EXERCISE OBJECTIVE>
Copy out exactly the stretch below, from the line with "- 机器人效:出库订单预测,闲时/夜间自" through the line with "[ 중앙뉴스미디어 ]", both included; the pictures stay out.

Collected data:
*****

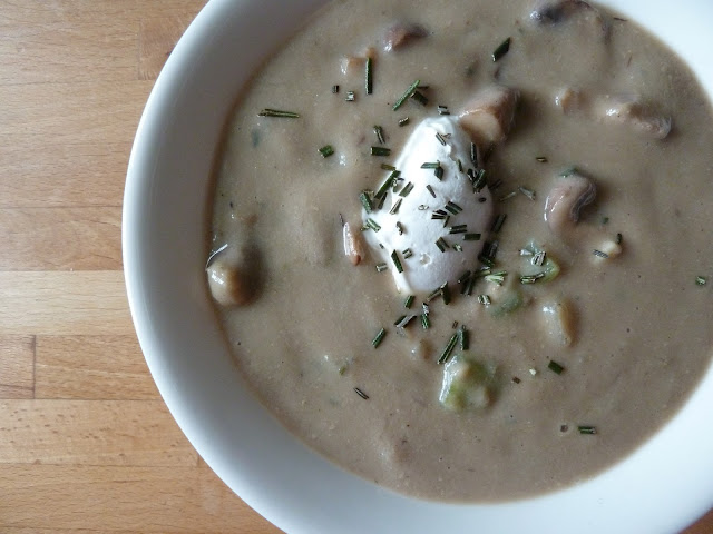 I must have something of a masochistic streak in me, because the other day when a box of mushrooms got delivered in my veg box, I decided that a cream of mushroom soup was exactly what I'd make with them.
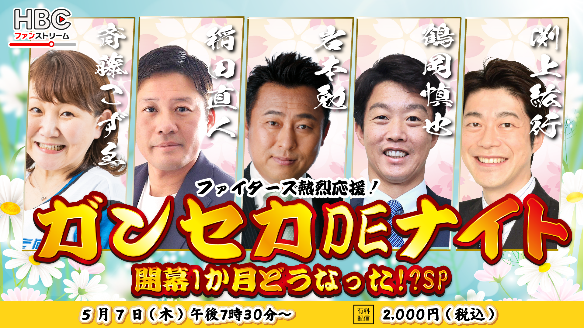 北海道放送株式会社(HBC)は、2026年5月7日(木)19:30より、『ファイターズ熱烈応援!「ガンセカDEナイト」開幕1か月どうなった!?SP』をHBCファンストリームにて配信いたします。
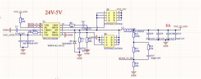 转换器,如果测量位置与调节点不同,则调节传感位置的输出,您可能会看到PCB轨迹导致的下降。 您可以提供布局,SW节点波形,VFB波形吗? 我还注意到C14比我们一般预期的要大。
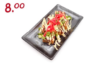 Deep-fried tofu topped with okonomi sauce, Japanese mayo, aonori flakes, green onions, and pickled ginger for a delicious fusion of flavors!
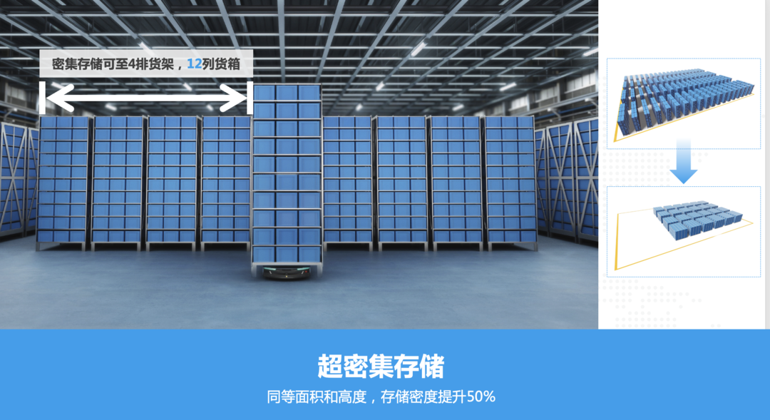 - 机器人效:出库订单预测,闲时/夜间自动理货,将关联商品聚合到同一个货架上,命中率可达10箱以上
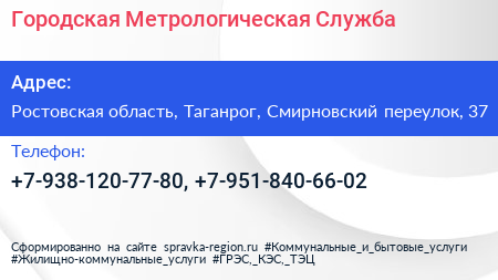 Городская Метрологическая Служба по адресу Ростовская область, Таганрог, Смирновский переулок, 37 в дальнейшем Организация, размещена в следующих категориях:
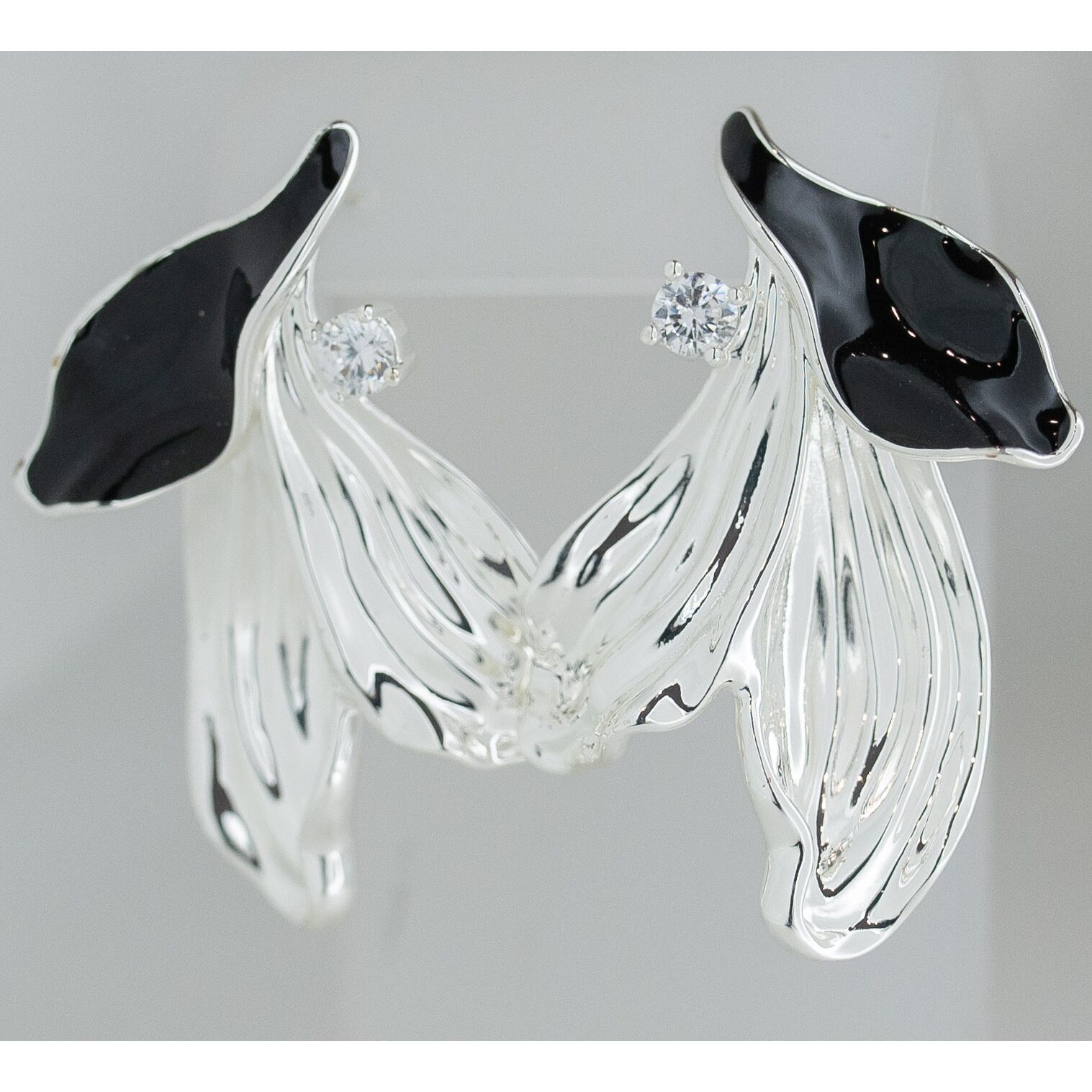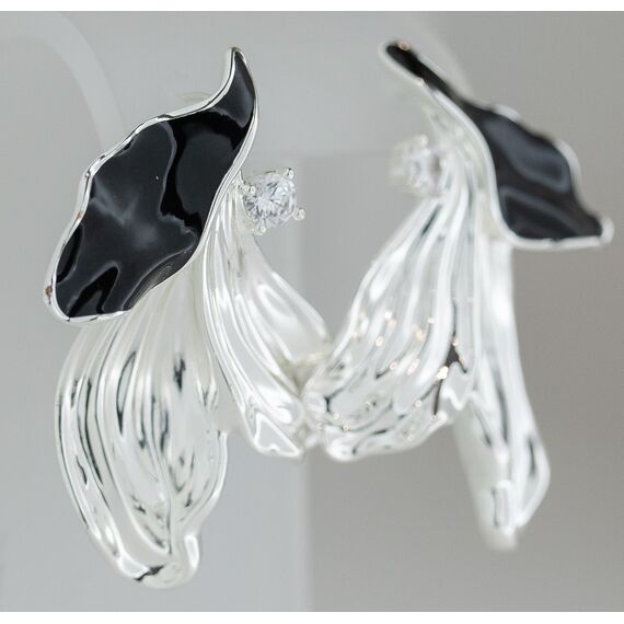 Серьги женские из гипоаллергенного ювелирного сплава серого цвета с покрытием эмалью черного цвета. Без вставок. Высота серег- 5,0см, ширина- 3,5см. Застежка- пусет.
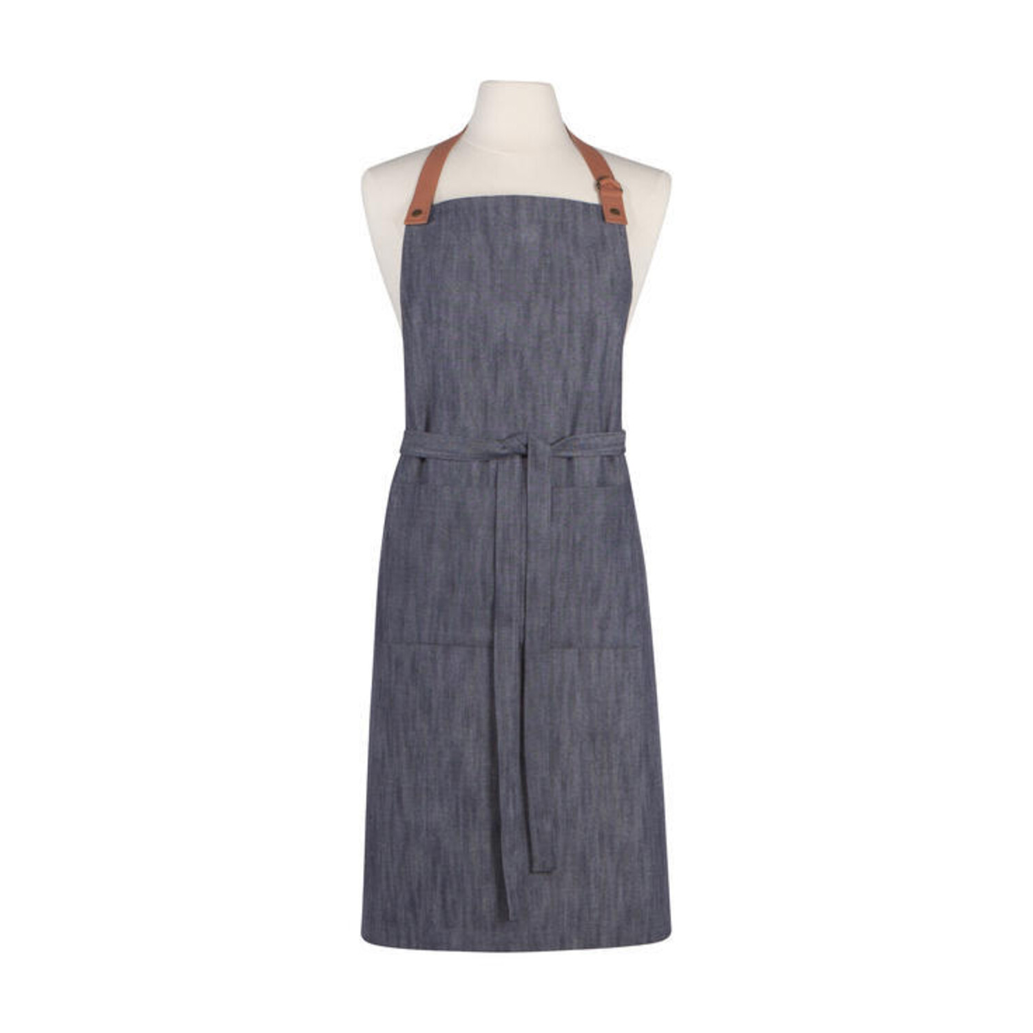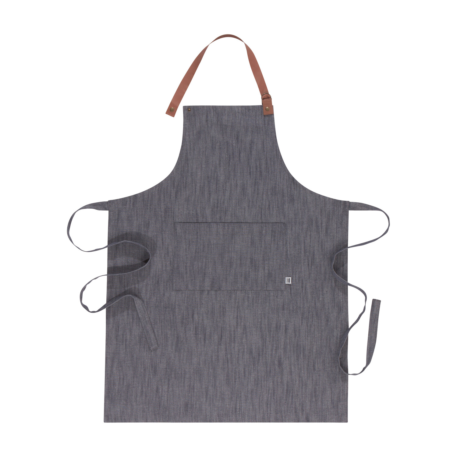 Plastic water bottles are recycled into polyester creating an eco-friendly, wrinkle-resistant apron for a variety of uses. Renew Apron's adjustable leather neckstrap can be removed for easy cleaning.
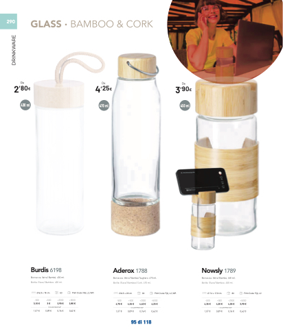 Aderox 1788 Borraccia. Vetro/ Bambù/ Sughero. 470 ml.
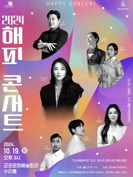 [ 중앙뉴스미디어 ] 군포문화재단은 가을 국악공연 ‘2024 해피콘서트’를 오는 19일 군포문화예술회관 수리홀에서 진행한다.
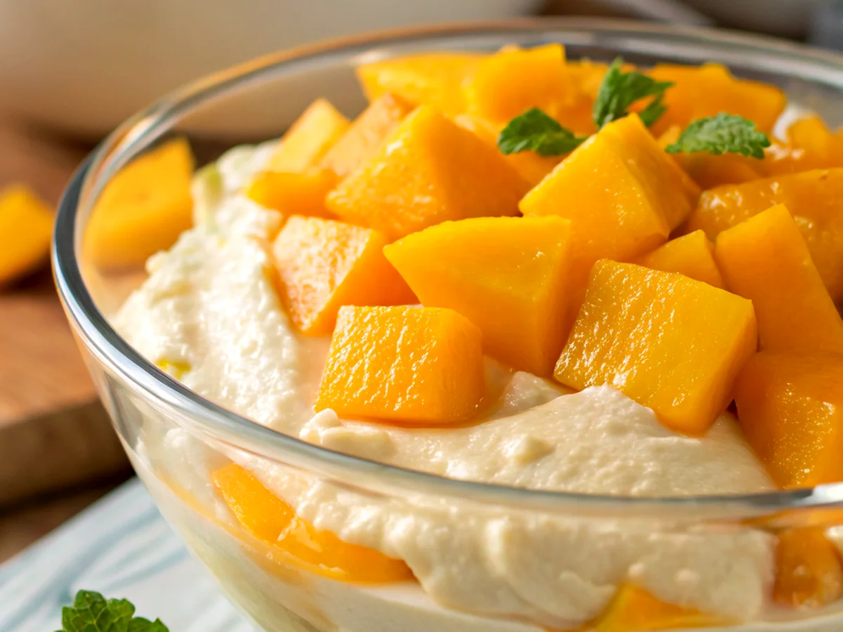 5. Blend Until Smooth: Using a hand mixer or a spatula, blend the ingredients until the mixture is smooth and well combined. You can leave some small chunks of mango for texture if desired.
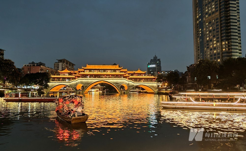 进入9月,成都逐渐褪去炎热,夜幕降临之际,游船在波光粼粼的锦江上前行,带领游客们感受这座内陆城市水岸一体的活力。

*****

ANSWER TO THIS PROBLEM>
 - 机器人效:出库订单预测,闲时/夜间自动理货,将关联商品聚合到同一个货架上,命中率可达10箱以上
 Городская Метрологическая Служба по адресу Ростовская область, Таганрог, Смирновский переулок, 37 в дальнейшем Организация, размещена в следующих категориях:
 Серьги женские из гипоаллергенного ювелирного сплава серого цвета с покрытием эмалью черного цвета. Без вставок. Высота серег- 5,0см, ширина- 3,5см. Застежка- пусет.
 Plastic water bottles are recycled into polyester creating an eco-friendly, wrinkle-resistant apron for a variety of uses. Renew Apron's adjustable leather neckstrap can be removed for easy cleaning.
 Aderox 1788 Borraccia. Vetro/ Bambù/ Sughero. 470 ml.
 [ 중앙뉴스미디어 ] 군포문화재단은 가을 국악공연 ‘2024 해피콘서트’를 오는 19일 군포문화예술회관 수리홀에서 진행한다.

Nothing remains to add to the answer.